Can you recommend any other, more recent papers or resources that address the issue of cost/price of sequencing? The NHGRI webpage on this topic is also helpful, but it was written in 2016 and does not address the post sequencing costs such as variant calling, annotation, and interpretation. Do you think your illustration of the proportion of costs in 2020 due to the different components of testing still holds true?

A:
see
http://papers.gersteinlab.org/papers/costseq2
http://papers.gersteinlab.org/papers/dsg

Hi-C contact matrix from PsychEncode

Q:
I am trying to explore Hi-C contact matrices at 10kb and 40kb resolution from here http://resource.psychencode.org/. However, I could not find any document showing the genomic coordinates of bins for both columns and rows (two matrices with the size of 303642 x 13554, 75919 x 2259).

A:
This issue i resolved the issue now. The decompression didn’t work properly so re-downloading the data solved the problem.

Using Ethereum blockchain to store and query pharmacogenomics data via smart contracts

Q1:
I found your above article quite instructive for a venture I am planning to launch that will harness the value of cryptocurrency and blockchain technology to develop an ecosystem for the community of patients, providers, and r esearchers concerned with stem cell therapies. I am in the process of drafting a use case for the currency I want to issue. My question is, how would I be able to actually use some variant of your smart contract for my system?

A1:
The paper is published and the code (contract) is freely available on github – if that’s what you’re asking for. If you could be a little bit more specific, we might be able to help you better.

Q2:
I have access to your journal article. My question is how can I actually implement your fastQuery technical solution? I am not an informatics specialist by any means. The other thing is I am interested in developing algorithms that are useful for analysing laboratory and clinical data in this stem cell field. Maybe you can shed some light on how I might achieve this aim. And I guess you mean the code for the fastQuery solution? sorry didn’t catch that before.

A2:
In https://github.com/gersteinlab/idash19bc, GeneDrugRepoV2.sol is the contract for the fastQuery solution mentioned in the paper. Charlotte and I wrote a small, lay tutorial on how to run smart contracts here:https://thegccontent.wordpress.com/2020/04/13/a-practical-ethereum-and-multichain-blockchain-tutorial/ Github page also has information on how to run the implementation. I’m unfortunately not knowledgeable on the data collected in clinical settings related to stem cells so perhaps a more specificialized person in that field could be more helpful to you.

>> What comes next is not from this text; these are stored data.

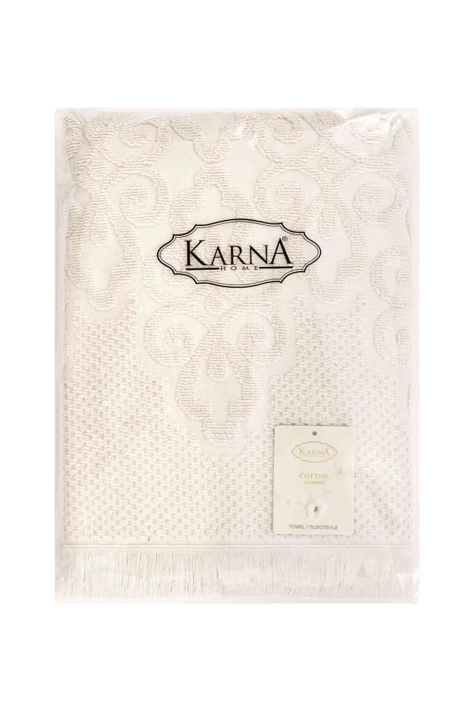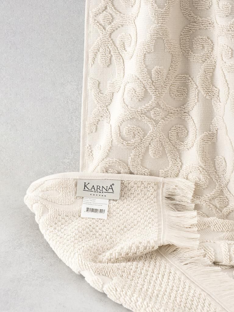 Neroli jakarlı pamuk havlu, geniş ölçüsü ve üstün emiciliğiyle banyoda lüksü ve konforu hissettirir.
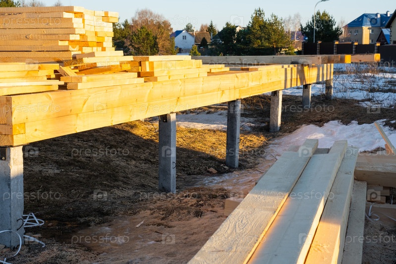 Деревянный каркас дом основание на винтовых свай, монтажная стадия, сборка фундамента, установка колодца, плотничество, строительная ступень, деревянные балки, продвижение сайта
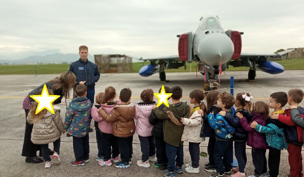 Οι μικροί/ές μαθητές/τριες των Τμημάτων των Νηπίων και Προνηπίων επισκέφτηκαν την 110 Πτέρυγα Μάχης στο αεροδρόμιο της Λάρισας. Τα παιδιά είχαν την ευκαιρία να παρατηρήσουν και να θαυμάσουν από κοντά τα πολεμικά αεροπλάνα και τον εξοπλισμό τους.
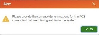 Note: if all the currency denominations are not present then the system will show the following alert message when enabling the currency denominations.
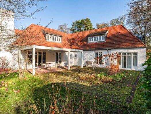 Dieses Haus bietet auf ca. 220 m² Wohnfläche verteilt auf zwei Etagen insgesamt sieben Zimmer. Die Immobilie befindet sich in schöner Lage im Villenpark Groß Glienicke und ist von einem gepflegten Ga...
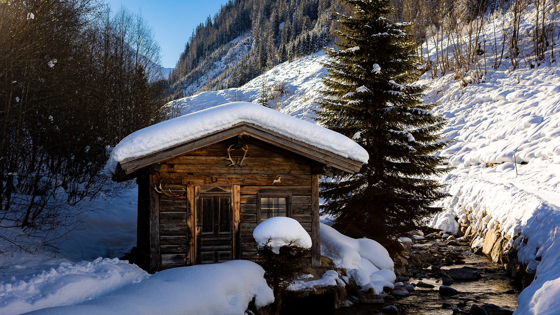 Edytor tapety: Drewniany dom nad górskim potokiem w zimowej scenerii
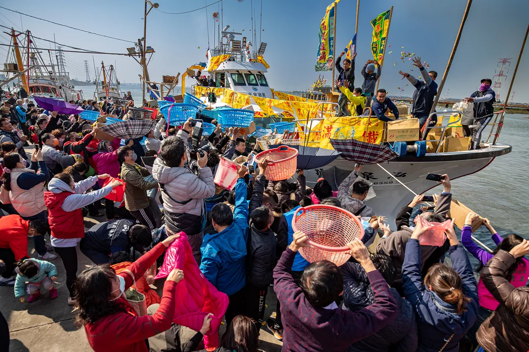At Wenzi Fishing Harbor in Changhua County’s Xianxi Township, after a new fishing vessel is launched a ceremony called zhiji (“casting auspiciousness”) is held in which the new boat is led into port by older boats, and after the new boat ties up at the harborside, the crew throws a full ton of foods such as mochi rice cakes, candy, and steamed buns from the boat while people on shore vie to catch these treats. The event symbolizes abundant catches for the new vessel. Part of the Taiwanese Hokkien word for mochi sounds like the word for “auspicious,” meaning that those who catch the mochi or candy will enjoy happiness and good fortune.
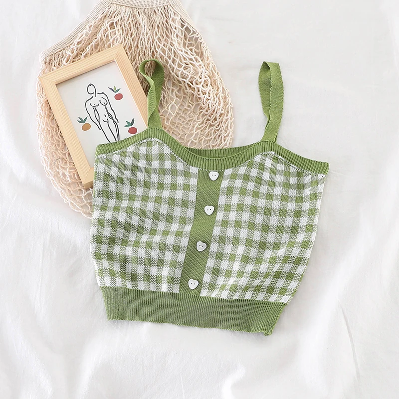 HELIAR Женские клетчатые Короткие топы без рукавов трикотажные укор...
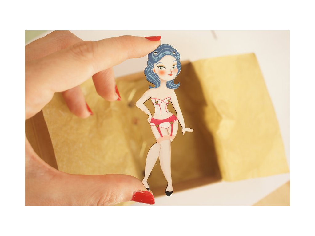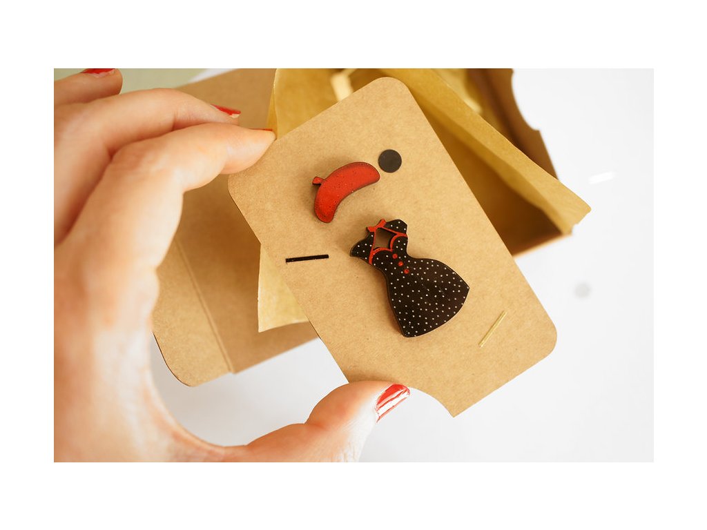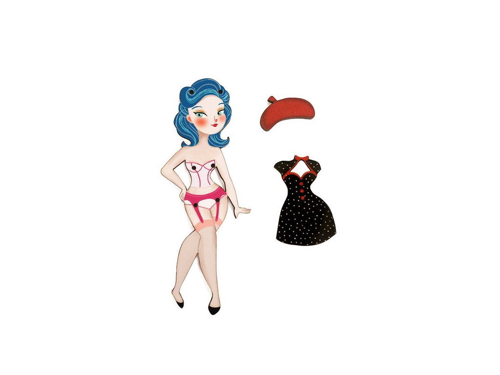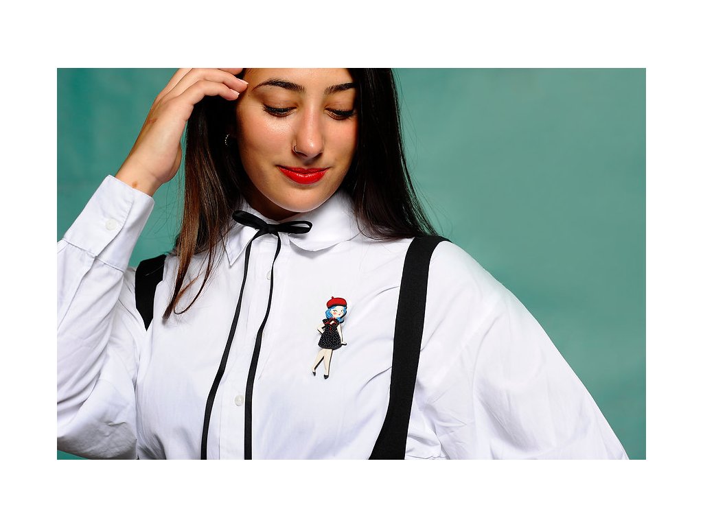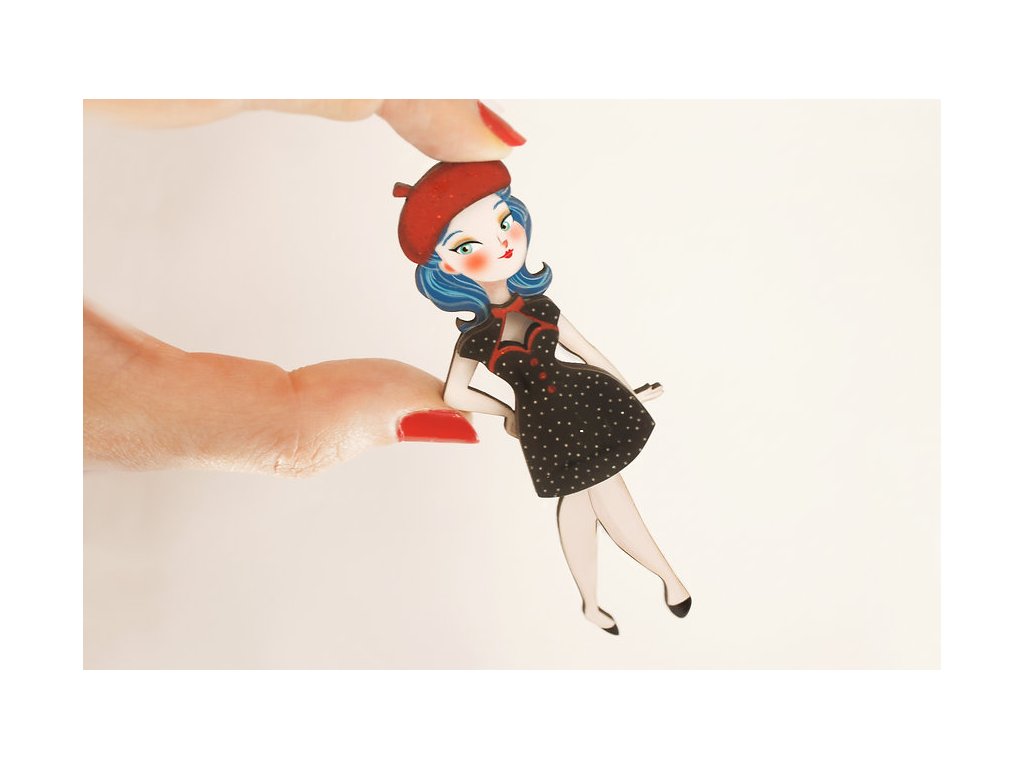 Brož je naprosto speciální, protože k Lali bude přiložen jeden její základní outfit a tím jsou černé, klasické šaty a červený baret. Toto oblečení připevníte k broži panenky pomocí otvorů, kterými provléknete malé zápinky. Oblečení lze tedy libovolně obměňovat a věřte, že Lali má oblečení pro každou příležitost, pro všední den i pro dny sváteční. Kterýkoliv z jejích outfitů je samozřejmě možné objednat a najdete je v sekci LaliBlue broží "Na objednávku".
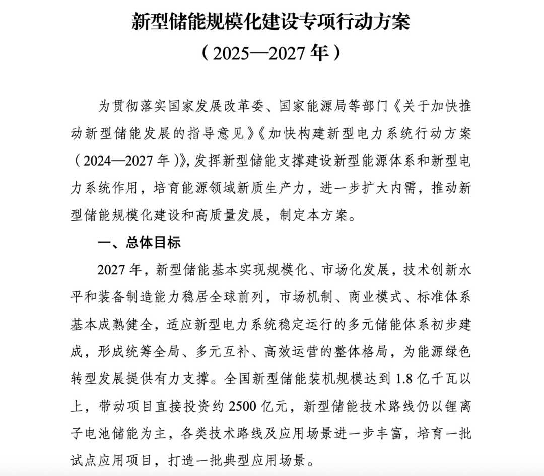 《行动方案》提出,2025-2027年三年内全国储能新增装机容量超过1亿千瓦;到2027年,全国新型储能装机规模达到1.8亿千瓦(180 GW)以上,带动项目直接投资约2500亿元。国家能源局称,该目标统筹了新能源消纳、电力保供需求和各类调节性资源规划建设情况。绿色和平气候与能源资深项目主任姚祎表示:“这意味着当前装机规模将近乎翻倍,也标志着中国新型储能发展从规划阶段迈向大规模发展阶段(储能发展阶段)。”
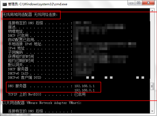 找到你当前连接上网的地方, 因为我电脑是连接无线 ,所以在无线网络连接区域下 , 如果是连接有线的有可能就是叫本地连接这个区域, 然后找到此区域下的dns服务器项 并记下来.
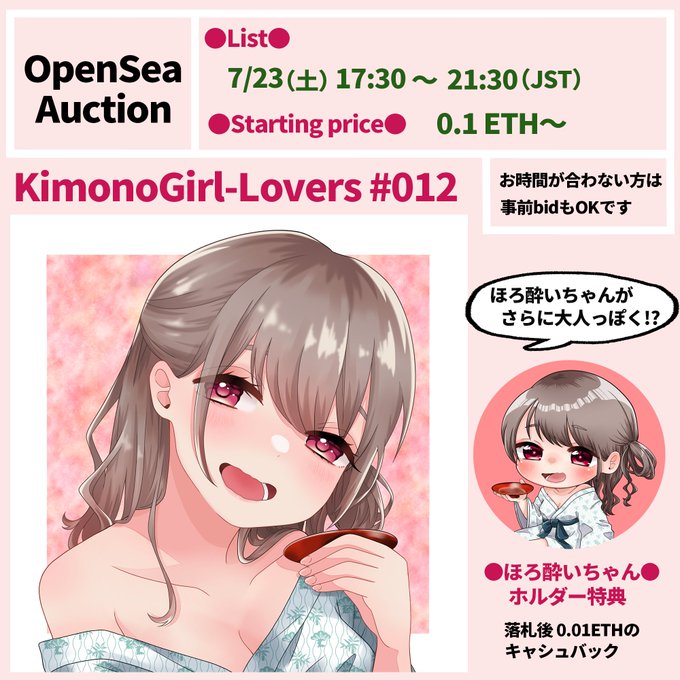 🎊新作 Mint🎊 KimonoGirl-Lovers #012👘 【オークション】 ✅7/23(土)17:30 ~ 21:30(JST) ※4時間のみ ✅0.1 ETHスタート ✅opensea.io/assets/ethereu… 「一緒に飲もうよ❤️」とお誘いするほろ酔いちゃんをよろしくお願いします #NFTs #NFTartist #NFTCommunity #JPNNFT
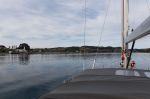Wer hätte je gedacht, das wir so schnell nach Los Angeles kommen! Das kleine verschlafene Nest mit einigen hundert Einwohnern liegt auf einer kleinen Insel vor Chiloe. Als wir in die Bucht hineinfahren, macht der Skipper Witze, dass wir hier gar keinen Anker brauchen. Das Wasser ist absolut ruhig, nicht mal ein Windhauch ist zu spüren. Unser Eisen fällt dann auf 25 m Wassertiefe. Es sind dann doch recht viele Bojen der lokalen Fisch- und Muschelzucht in der Bucht.
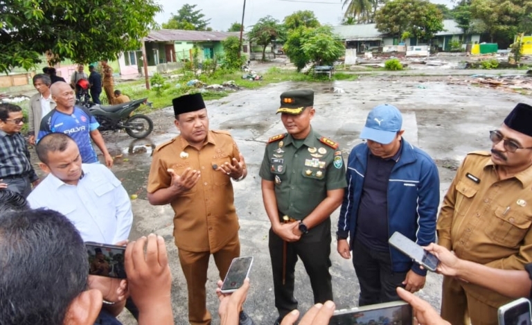 Bupati Bireuen, H. Mukhlis didampingi Dandim 0111 Bireuen, Letkol Arh Luthfi Novriadi, Ketua DPRK Juniadi serta sejumlah pejabat memberi keterangan kepada wartawan di lokasi lahan milik TNI yang dihibah untuk Pemkab Bireuen, Senin, 24 November 2025. | Foto: Rizanur/Kabar Bireuen

Types in Pseudopipe output

Q:
I am using Pseudopipe and I am wondering the different types of its output.
I looked into the script and found there are several types: GENE-SINGLE, PSSD, FRAG, GENE-MULT, and DUP. Would you like to explain the meaning of each type?

A:
From what i can see you are looking at an intermediary result file not at the final output. The final output should contain only 3 biotypes: PSSD, DUP and FRAG.
The PSSD is indicative of processed pseudogenes, DUP is indicative of duplicated pseudogenes, FRAG is indicative of pseudogene loci where we can not assign with certitude a biotype (processed or duplicated).
GENE-SINGLE and GENE-MULTI are intermediary biotype definitions. The SINGLE refers to the fact that the pseudogene locus contains only one exon (similar to processed pseudogenes) and MULTI refers to the fact that the potential pseudogenic locus contains multiple exons (similar to duplicated pseudogenes).
If a proposed locus has over 95% sequence identity to the parent gene and covers over 95% of the parent gene sequence and there are no identifiable disablements associated with it we initially refer to these potential loci as GENE-SINGLE and respectively GENE-MULTI. If we find a polyA tail you might see PSSD|GENE-SIGNLE and in that case we will relabel that locus as a processed pseudogene. For very high similarity we tend to be conservative and not label that locus as a pseudogene. If we find in subsequent searches additional data (E.g. polyA tail, truncations etc) we will relabel the locus as pseudogene.